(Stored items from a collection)
------

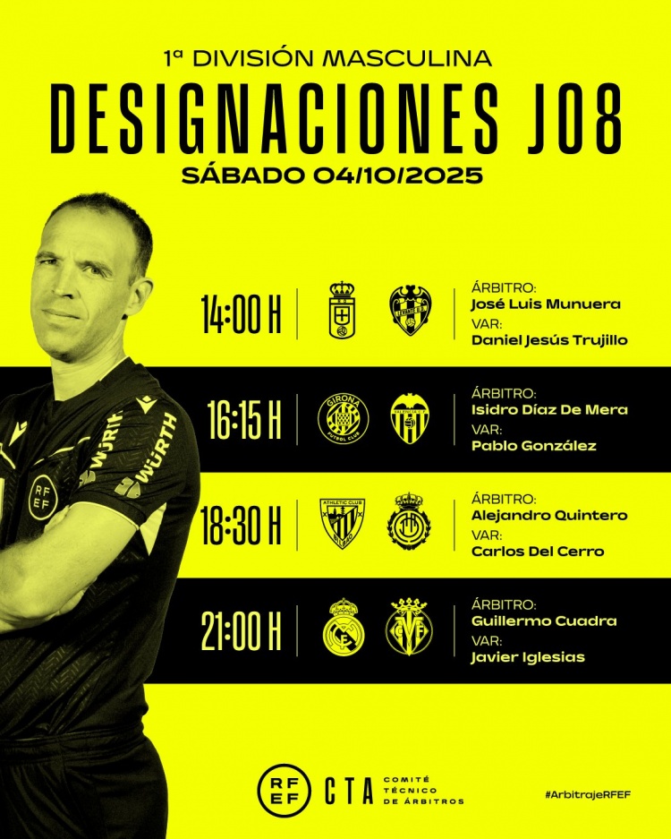 10月3日讯 西甲官方公布了10月4日赛事 的裁判 安排,足球直播高清免费观看夸德拉执法皇马vs比利亚雷亚尔。
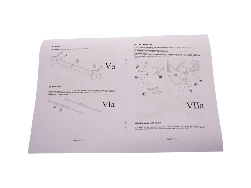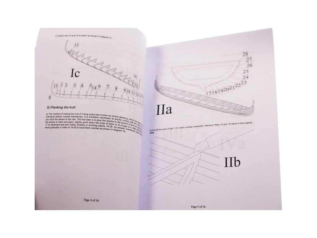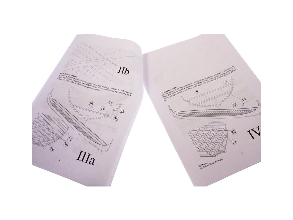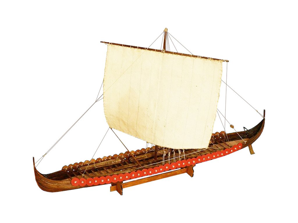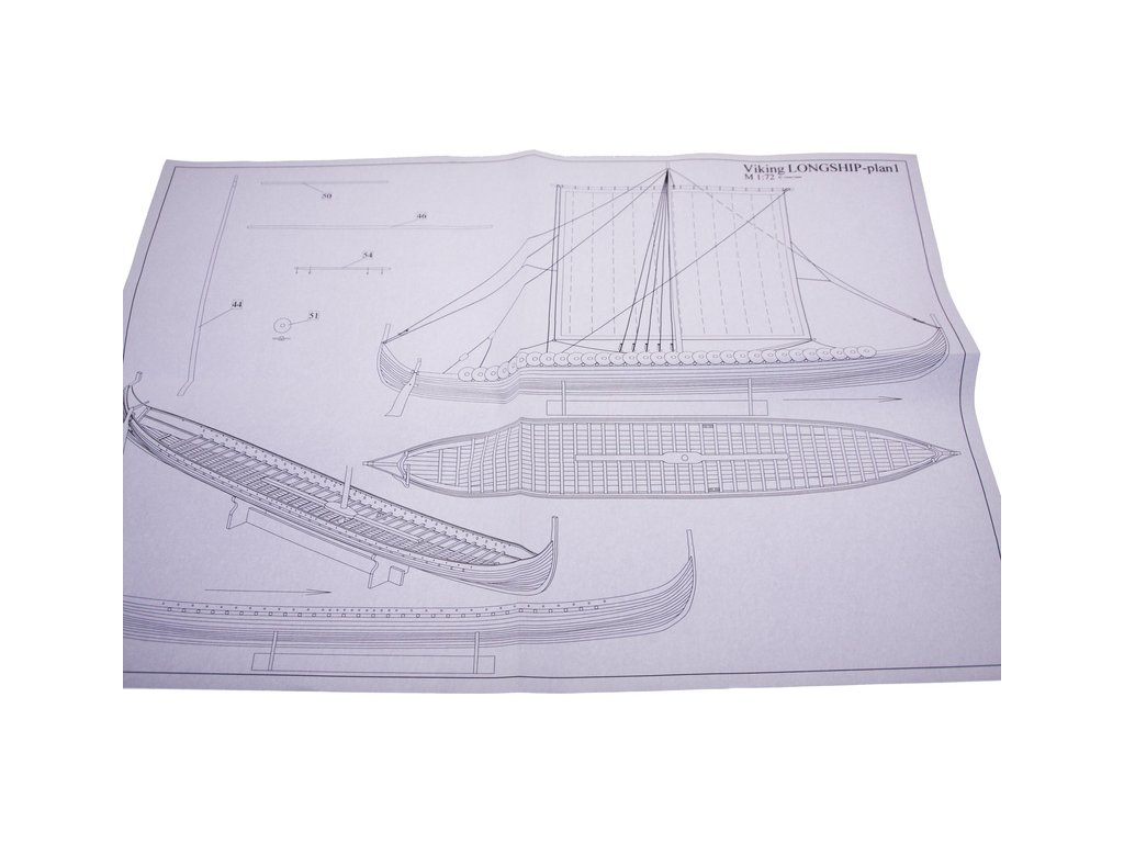 Stavebnice makety válečné Vikingské prodloužené lodi z roku cca 1060 v měřítku 1:72. Délka modelu lodi je 850mm, stavba převážně ze dřeva s drobnými doplňky, součástí stavební plán a český návod ke stavbě s mnoha podrobnými obrázky.
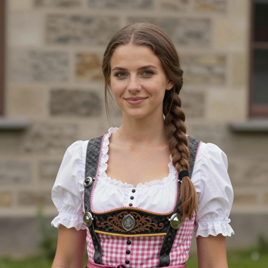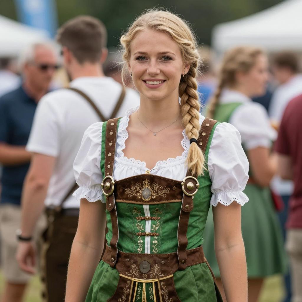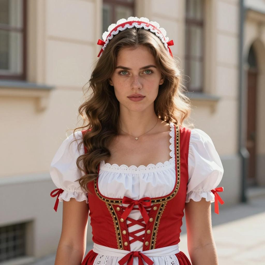 Oktoberfest fancy dress, photorealistic portrait of a young woman, Renaissance festival, German dirndl outfit, red and brown dress with black buttons, white lace trim, puffed sleeves, red bow at waist, white frilled headpiece with red roses, braided blonde hair, serious expression, fair skin, outdoor setting, blurred background with green trees and people, sunlight, daytime, detailed ures, realistic lighting, traditional costume, festive atmosphere
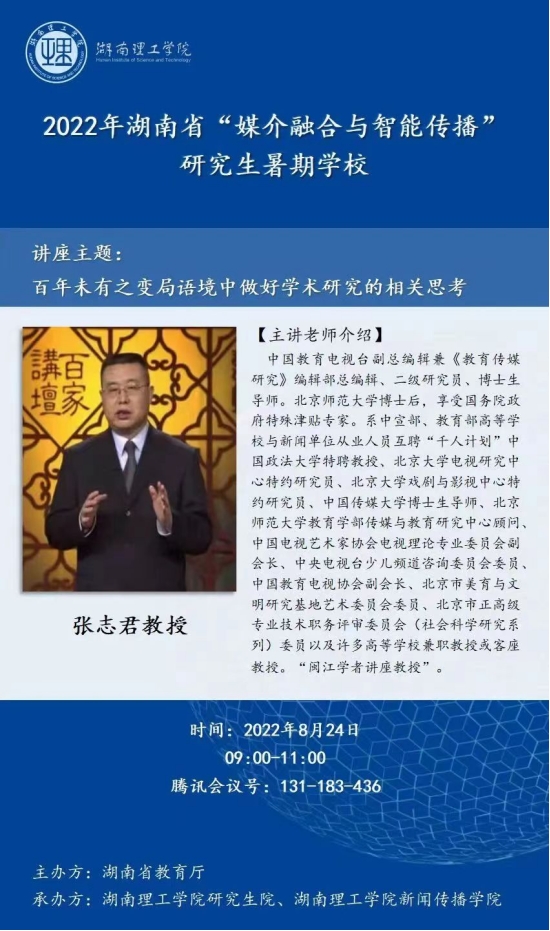 本站讯 8月24日上午,中国教育电视台副总编辑兼《教育传媒研究》编辑部总编辑、国务院政府特殊津贴专家张志君教授作了题为“百年未有之变局语境中做好学术研究的相关思考”的学术讲座,威廉希尔体育官网副经理肖涛教授主持。
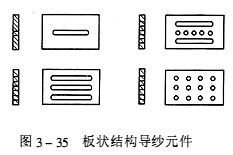 要求預(yù)成型模中的導(dǎo)紗元件能導(dǎo)紗,能導(dǎo)氈或能導(dǎo)紗同時(shí)又能導(dǎo)氈。導(dǎo)紗元件的結(jié)構(gòu)形式可根據(jù)拉擠產(chǎn)品斷面形狀進(jìn)行設(shè)計(jì)。板狀結(jié)構(gòu)導(dǎo)紗元件如圖3-35所示。
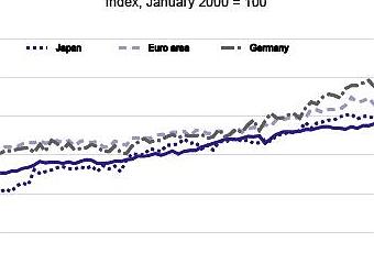 Regardons la première courbe qui représente l'évolution de la production industrielle depuis 2000 ( base 100 en 2000) dans les pays de la zone Euro, l'Allemagne, les USA et le Japon.
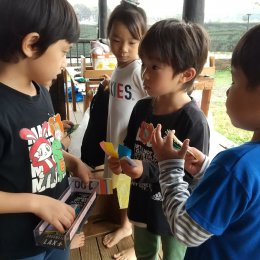 一つ目は、「水族館」です。紙皿や折り紙などを使って、子どもたちそれぞれがオリジナルの魚や、ちんあなご、クラゲなどを創りました。「どんな模様にしようかな?」「どんな顔を描こうかな?」と、想像力をめいっぱい使って考えます。友達の魚をのぞいたり、図鑑や絵本で見たものなどを思い出したりしながら、創る過程で子どもたちの感性がどんどん刺激され広がっていきます。模様の書き方、表情のつけ方などそれぞれの個性が際立っています。
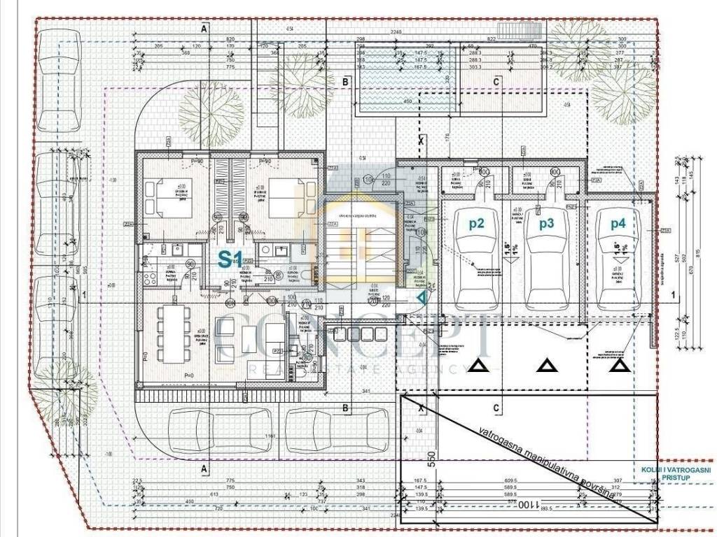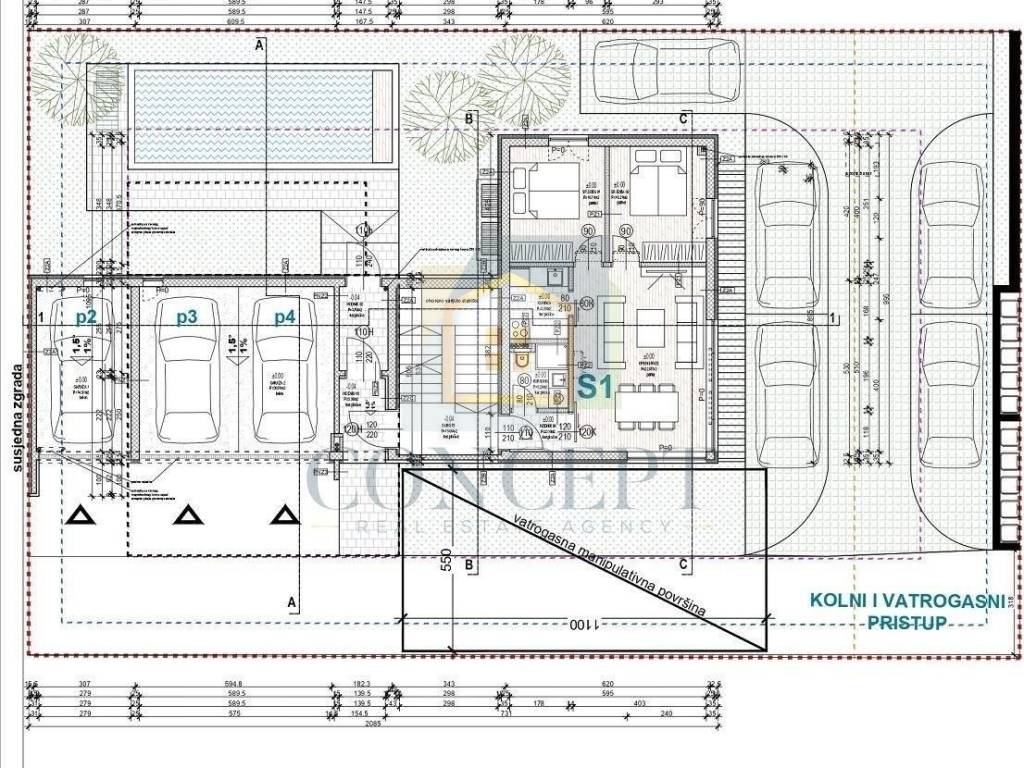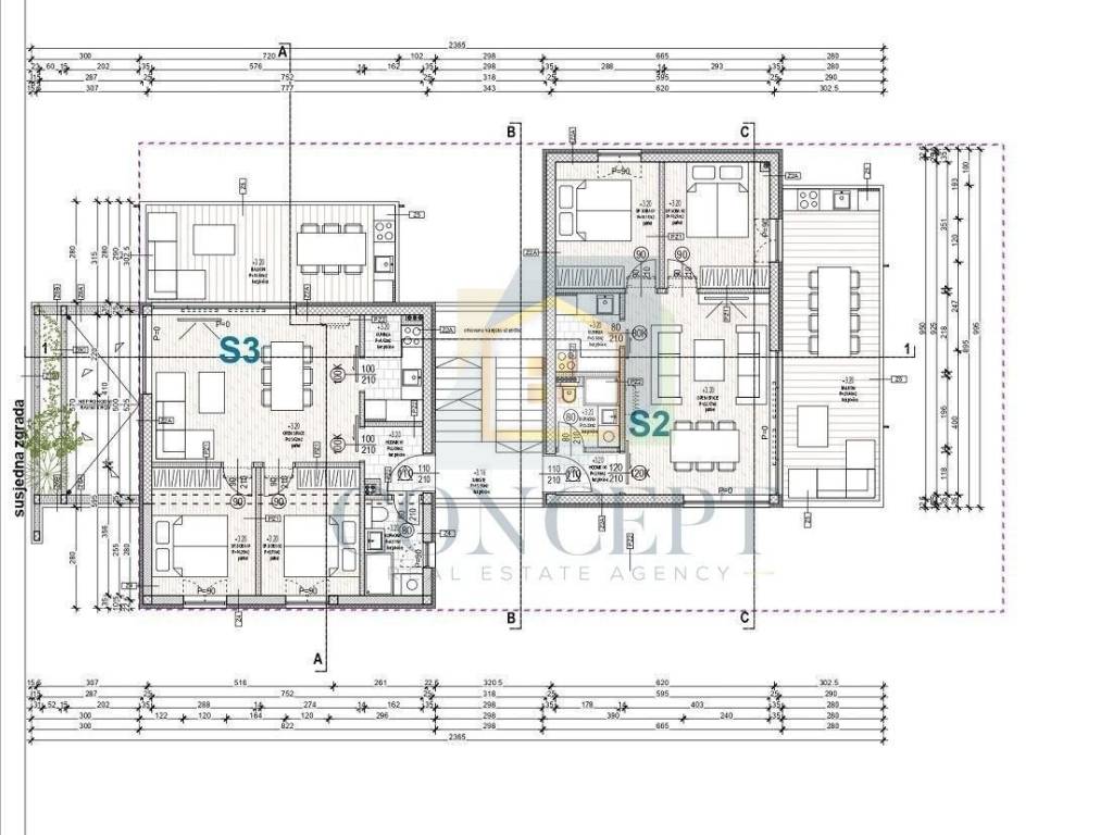 Na odličnoj lokaciji u okolici Poreča, svega 3 km od mora, prodaje se građevinsko zemljište površine 1.239 m² s pravomoćnom građevinskom dozvolom za gradnju dvije zgrade s ukupno 8 stanova i dva bazena.Svi troškovi vezani uz priključke na infrastrukturu, komunalije, doprinose i izradu dozvola su plaćeni. Građevinska bruto površina iznosi 883,16 m².Projekt predviđa dvije zgrade:Prva zgrada sastoji se od 4 stana od približno 55 m². Stanovi imaju terase od 23 m² ili 18 m², dok stan br. 4 ima i krovnu terasu. Ukupna natkrivena površina iznosi 317,99 m², nenatkrivena 144,09 m², a predviđen je i bazen površine 26,24 m².Druga zgrada sastoji se od 4 stana od približno 67 m², svaki s terasom od 18 m². Ukupna natkrivena površina iznosi 392,56 m², nenatkrivena 154,13 m², a predviđen je bazen površine 26,24 m².Obje zgrade imaju podrume s ostavama, garaže za tri automobila, a svakom stanu pripadaju po dva parkirna mjesta. Svakoj zgradi pripada i bazen od oko 26 m², koji se mogu dodijeliti stanovima u prizemlju.Za više informacija i dogovor oko razgleda slobodno nas kontaktirajte.
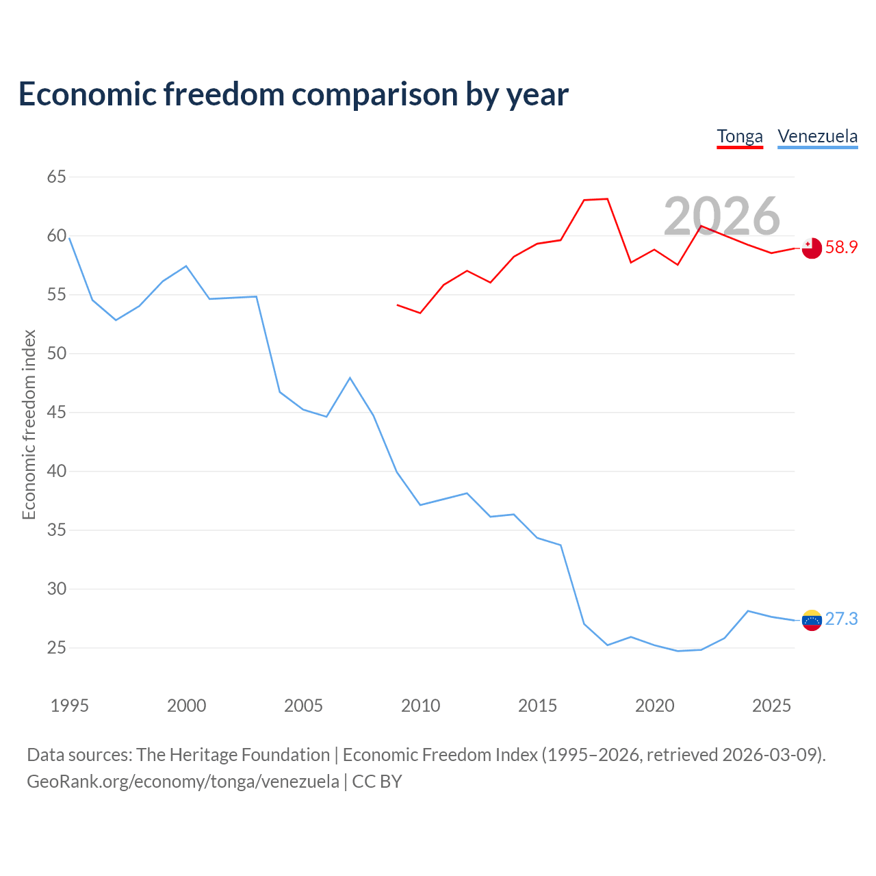 The Economic Freedom Index for Tonga is 58.9, ranking 107/197, compared to 27.3 for Venezuela, ranking 194/197. The chart above displays a comparison of annual changes in economic freedom indexes.
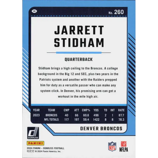 2024 Donruss #260 Jarrett Stidham NM-MT Denver Broncos Football Card
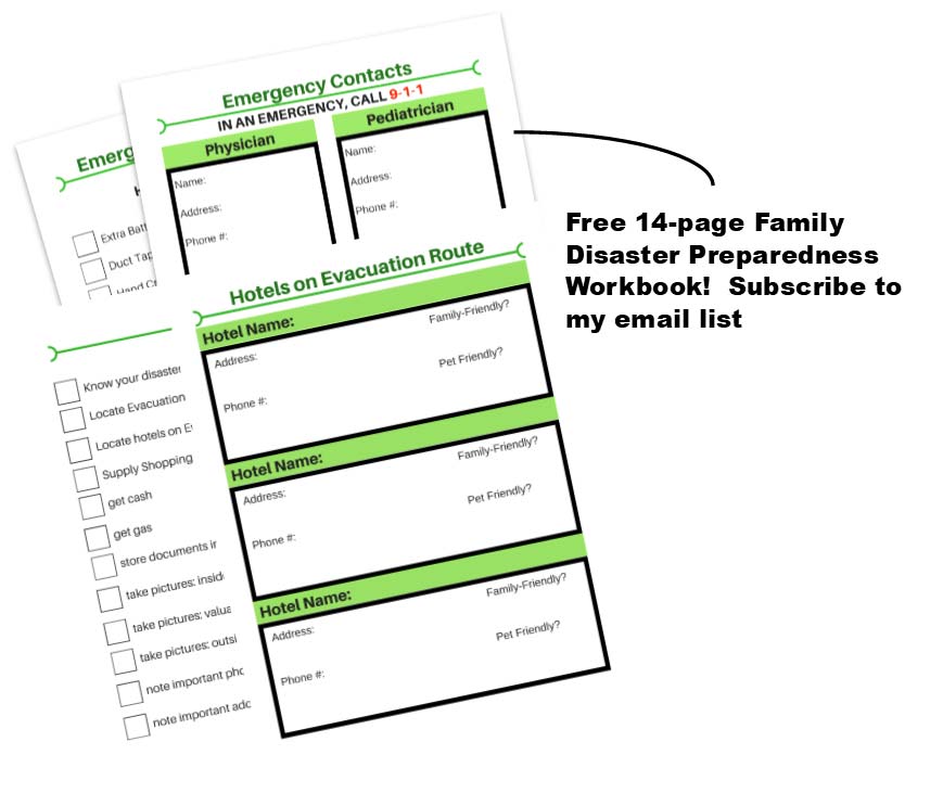 Would you like more help with your family’s disaster preparedness?  I would love to share my 14-page Family Emergency Preparedness Workbook with you.  Simply join my email newsletter to receive immediate access to a FREE resource library of printables for parents, including this workbook.
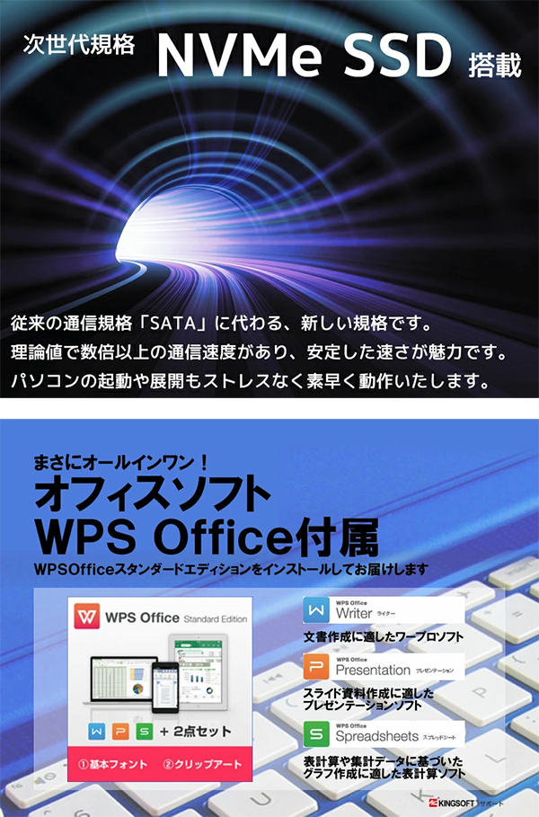 - 付属ソフト WPS Office(表計算・ワープロ・プレゼンテーション)

------

Exercise: Leave out the pictures and print each record exactly as it stands.

Reply:
 10月3日讯 西甲官方公布了10月4日赛事 的裁判 安排,足球直播高清免费观看夸德拉执法皇马vs比利亚雷亚尔。
 Stavebnice makety válečné Vikingské prodloužené lodi z roku cca 1060 v měřítku 1:72. Délka modelu lodi je 850mm, stavba převážně ze dřeva s drobnými doplňky, součástí stavební plán a český návod ke stavbě s mnoha podrobnými obrázky.
 Oktoberfest fancy dress, photorealistic portrait of a young woman, Renaissance festival, German dirndl outfit, red and brown dress with black buttons, white lace trim, puffed sleeves, red bow at waist, white frilled headpiece with red roses, braided blonde hair, serious expression, fair skin, outdoor setting, blurred background with green trees and people, sunlight, daytime, detailed ures, realistic lighting, traditional costume, festive atmosphere
 本站讯 8月24日上午,中国教育电视台副总编辑兼《教育传媒研究》编辑部总编辑、国务院政府特殊津贴专家张志君教授作了题为“百年未有之变局语境中做好学术研究的相关思考”的学术讲座,威廉希尔体育官网副经理肖涛教授主持。
 要求預(yù)成型模中的導(dǎo)紗元件能導(dǎo)紗,能導(dǎo)氈或能導(dǎo)紗同時(shí)又能導(dǎo)氈。導(dǎo)紗元件的結(jié)構(gòu)形式可根據(jù)拉擠產(chǎn)品斷面形狀進(jìn)行設(shè)計(jì)。板狀結(jié)構(gòu)導(dǎo)紗元件如圖3-35所示。
 Regardons la première courbe qui représente l'évolution de la production industrielle depuis 2000 ( base 100 en 2000) dans les pays de la zone Euro, l'Allemagne, les USA et le Japon.
 一つ目は、「水族館」です。紙皿や折り紙などを使って、子どもたちそれぞれがオリジナルの魚や、ちんあなご、クラゲなどを創りました。「どんな模様にしようかな?」「どんな顔を描こうかな?」と、想像力をめいっぱい使って考えます。友達の魚をのぞいたり、図鑑や絵本で見たものなどを思い出したりしながら、創る過程で子どもたちの感性がどんどん刺激され広がっていきます。模様の書き方、表情のつけ方などそれぞれの個性が際立っています。
 Na odličnoj lokaciji u okolici Poreča, svega 3 km od mora, prodaje se građevinsko zemljište površine 1.239 m² s pravomoćnom građevinskom dozvolom za gradnju dvije zgrade s ukupno 8 stanova i dva bazena.Svi troškovi vezani uz priključke na infrastrukturu, komunalije, doprinose i izradu dozvola su plaćeni. Građevinska bruto površina iznosi 883,16 m².Projekt predviđa dvije zgrade:Prva zgrada sastoji se od 4 stana od približno 55 m². Stanovi imaju terase od 23 m² ili 18 m², dok stan br. 4 ima i krovnu terasu. Ukupna natkrivena površina iznosi 317,99 m², nenatkrivena 144,09 m², a predviđen je i bazen površine 26,24 m².Druga zgrada sastoji se od 4 stana od približno 67 m², svaki s terasom od 18 m². Ukupna natkrivena površina iznosi 392,56 m², nenatkrivena 154,13 m², a predviđen je bazen površine 26,24 m².Obje zgrade imaju podrume s ostavama, garaže za tri automobila, a svakom stanu pripadaju po dva parkirna mjesta. Svakoj zgradi pripada i bazen od oko 26 m², koji se mogu dodijeliti stanovima u prizemlju.Za više informacija i dogovor oko razgleda slobodno nas kontaktirajte.
 The Economic Freedom Index for Tonga is 58.9, ranking 107/197, compared to 27.3 for Venezuela, ranking 194/197. The chart above displays a comparison of annual changes in economic freedom indexes.
 2024 Donruss #260 Jarrett Stidham NM-MT Denver Broncos Football Card
 Would you like more help with your family’s disaster preparedness?  I would love to share my 14-page Family Emergency Preparedness Workbook with you.  Simply join my email newsletter to receive immediate access to a FREE resource library of printables for parents, including this workbook.
 - 付属ソフト WPS Office(表計算・ワープロ・プレゼンテーション)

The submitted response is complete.